What context caching provides: cost reduction
Why this matters
When you process the same large documents, system prompts, or knowledge bases across multiple requests, you pay full token cost each time. Context caching stores that context server-side after the first request, charging 10% of the original token price on cache hits. For a 128K token context queried 100 times, you save ~$95 on input costs alone. At production scale with multiple users running concurrent queries, this is the difference between prohibitively expensive and sustainable operations.
Explanation
What context caching does: The Gemini API accepts a cache_control parameter on the last message in a request. When you include type="ephemeral", Google stores that message (usually your system prompt + large document) on their servers for 5 minutes. Subsequent requests referencing the same cached content only charge for the 10% cache read cost plus new tokens you add.
How it works: After the first request with cache control, Gemini returns a usage object showing cache_creation_input_tokens. Those tokens cost full price.
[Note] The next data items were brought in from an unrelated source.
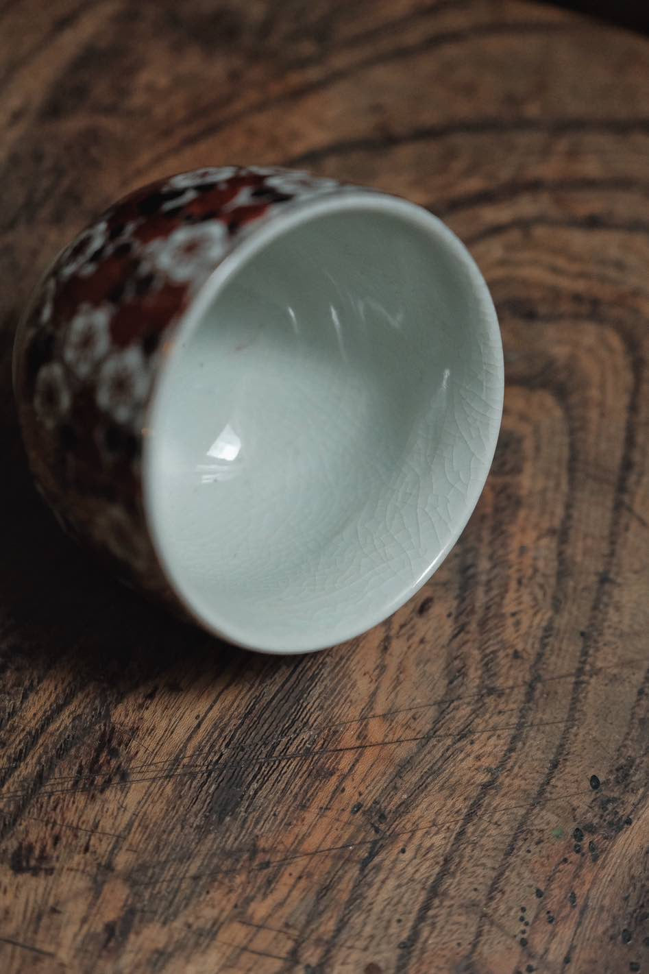 百花不落地傳統樣式,白紅梅花,足繪紅紋,外内里冰裂開片。
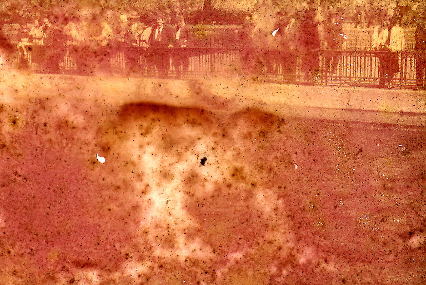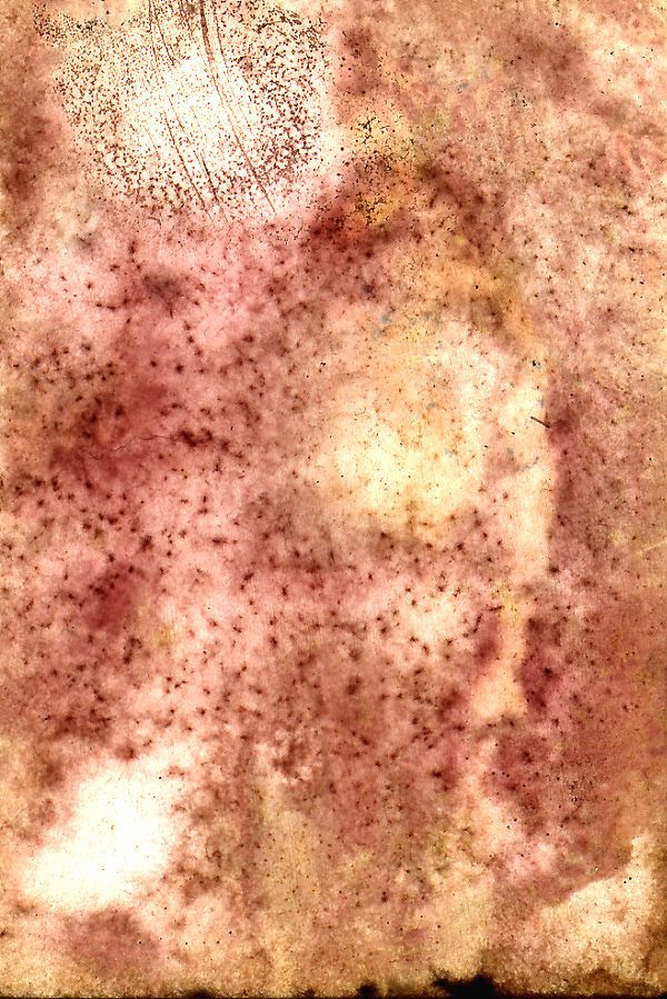 In 1999, the collection suffered a nearly incomprehensible accident. Stored temporarily in a cottage basement on Pender Island, Canada, they were soaked by a water heater malfunction. The damage was not discovered for some months. The emulsion of 95% of the images had literally ‘melted’ into fields of color and as well were covered with dirt and mold.
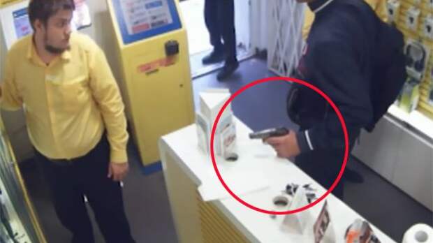 А потом один из них начинает угрожать сотрудникам пистолетом, пока сообщник закрывает двери от нежелательных гостей.
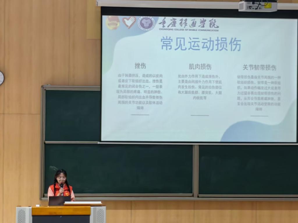 随后,她指出常见的运动损伤包括挫伤、肌肉损伤、关节韧带损伤。分别说明各自的成因,提出针对运动损伤成因采取的应对方法。当挫伤时,应在24小时内进行冷敷处理,防止关节肿胀范围过大,24小时后需进行热敷处理,具有不错的消肿、止痛效果,对于疼痛感强的患者,可以口服布洛芬等药物进行缓解;当肌肉损伤时,应立即冷敷,外压包扎并提高伤肢,一般建议24小时可外敷中药,也可进行理疗或按摩。如大量断裂时,经加压包扎等急救处理后,应立即将伤员送至医院治疗;当关节韧带损伤时,需要冰敷、制动休息,如果症状严重,及时送医,可以通过肌骨超声或者磁共振来检查确诊,要根据具体损伤的严重程度决定治疗方案。最后,本学院的体育老师以视频的方式为各位同学讲解了在运动过程中受伤的应对方法,用更科学的、更安全的方法去参与体育运动。使同学们明白只有运用合理的急救措施才能提高援助效率,避免耽误伤者救治。
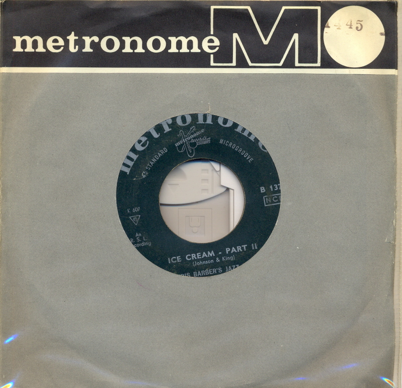 ?? 55....A 45000....CHRIS BARBER'S JAZZBAND Pat Halcox, tp, vo; Lonnie Donegan, bjo; Jim Bray, b; Chris Barber, tb; Monty Sunshine, cl; Ron Bowden, dm. Rec. 9-10-55 Ice Cream/CHRIS BARBER'S JAZZBAND Chris Barber, tb, vo; Lonnie Donegan, bjo; Jim Bray, b; Pat Halcox, tp; Monty Sunshine, cl; Ron Bowden, dm. Rec. 9-10-55 Down By The Riverside
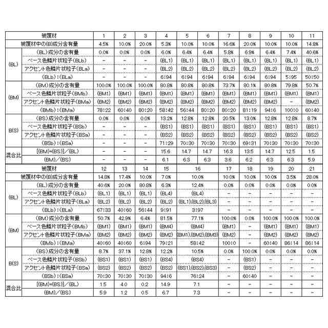 上記中粒子(BM)は、ベース色鱗片状中粒子(BM
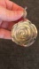 This eye-catching pendant is dramatic yet delicate, perfect for any occasion. Rose medallion is carved from abalone shell and framed with silver. Unique hinged bail so it can be worn with nearly any type of chain or necklace. Approximately 2 inches in diameter. Total hanging length including bail about 2.5 inches.
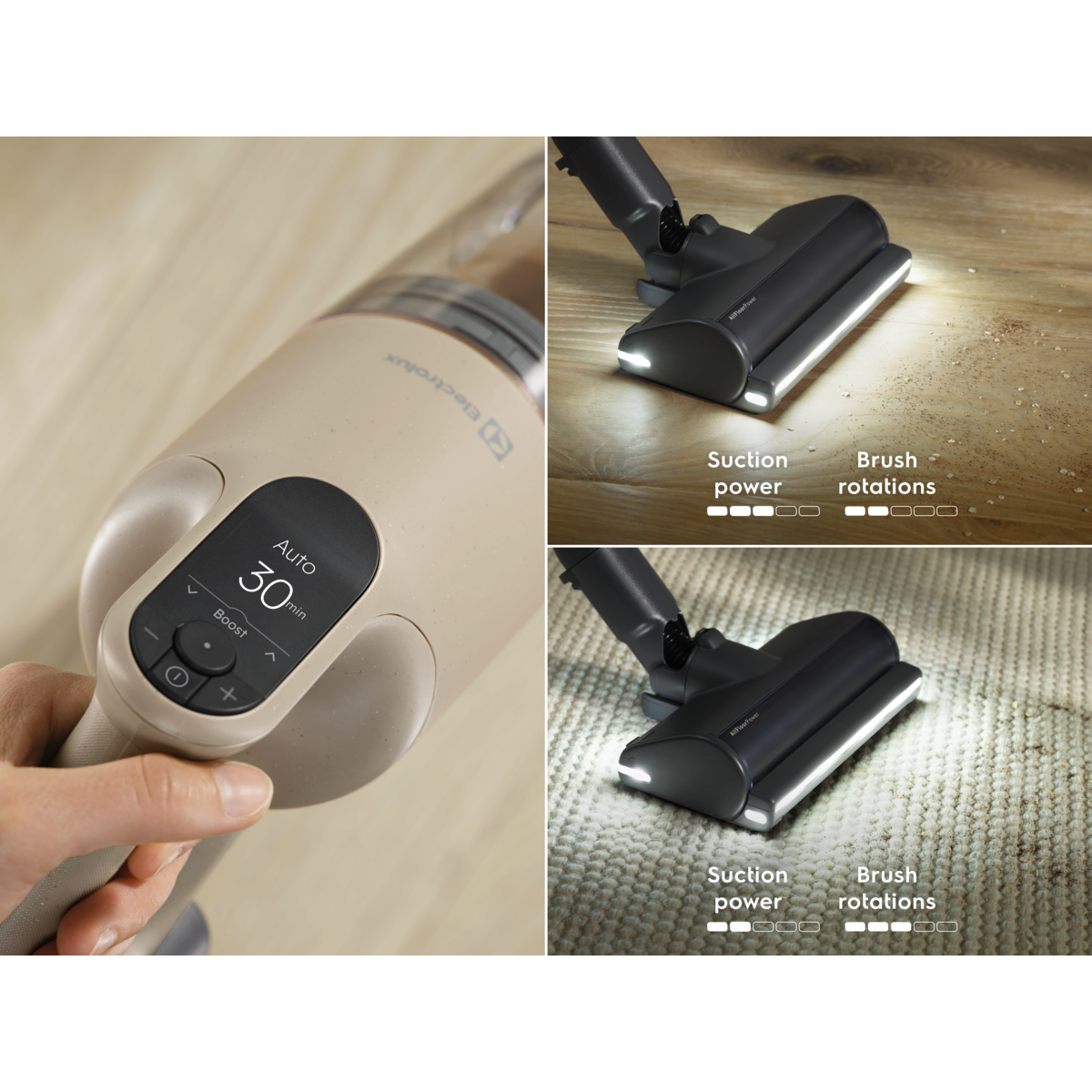 Ilgai išliekantis efektyvumas. 900 serijos belaidis dulkių siurblys su „AllFloor Power“ antgaliu – vienintelis belaidis siurblys, kuriame ilgiausias veikimo laikas savo kategorijoje dera su iki 100 % dulkių surinkimu.*
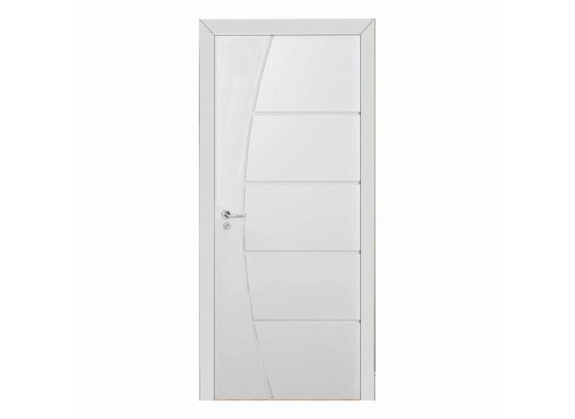 Kit Porta de Madeira 210x80cm Frisada Laqueada Esquerda Moldufama Branco
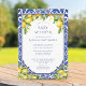 Convite Blue Tile Lemon Mediterranean Baby Shower
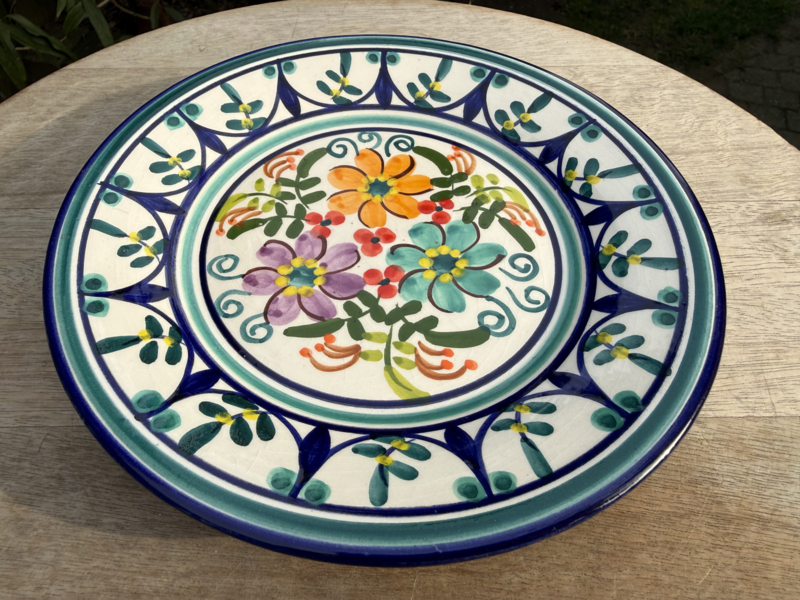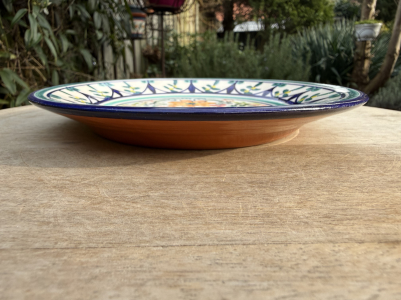 Een prachtig stukje Portugees vakmanschap: dit zeer decoratieve, kleine tapasbordje is een ware blikvanger op uw tafel. Vervaardigd uit stevige kwaliteit aardewerk, is het een veelzijdig bordje geschikt voor allerlei toepassingen, van het serveren van tapas en kleine hapjes tot het presenteren van desserts. Het bordje is volledig handgemaakt en beschilderd, wat elk exemplaar een unieke en sfeervolle uitstraling geeft.
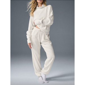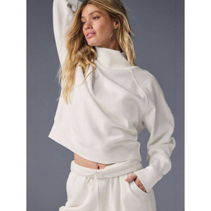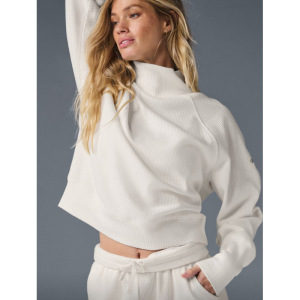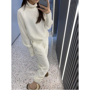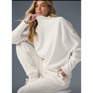 alo秋冬季新款华夫格高领宽松卫衣套头衫长袖休闲百搭运动套装女

On the next request (within the 5-minute window), send the identical cached content again with cache_control, and Gemini detects the match via hash. The response shows cache_read_input_tokens instead: these cost 1/10th the normal rate. Cache key is based on exact content match, so a single space difference breaks the cache.
When to use it: Use for retrieval-augmented generation (RAG) where the knowledge base is fixed but queries vary. Use for document analysis workflows where users ask multiple questions about the same PDF. Use for few-shot prompt engineering where your in-context examples are large. The 5-minute TTL suits interactive sessions but not batch jobs.
Request code
import os
import json
import google.generativeai as genai
os.environ['GOOGLE_API_KEY'] = 'your-api-key-here'
genai.configure(api_key=os.environ['GOOGLE_API_KEY'])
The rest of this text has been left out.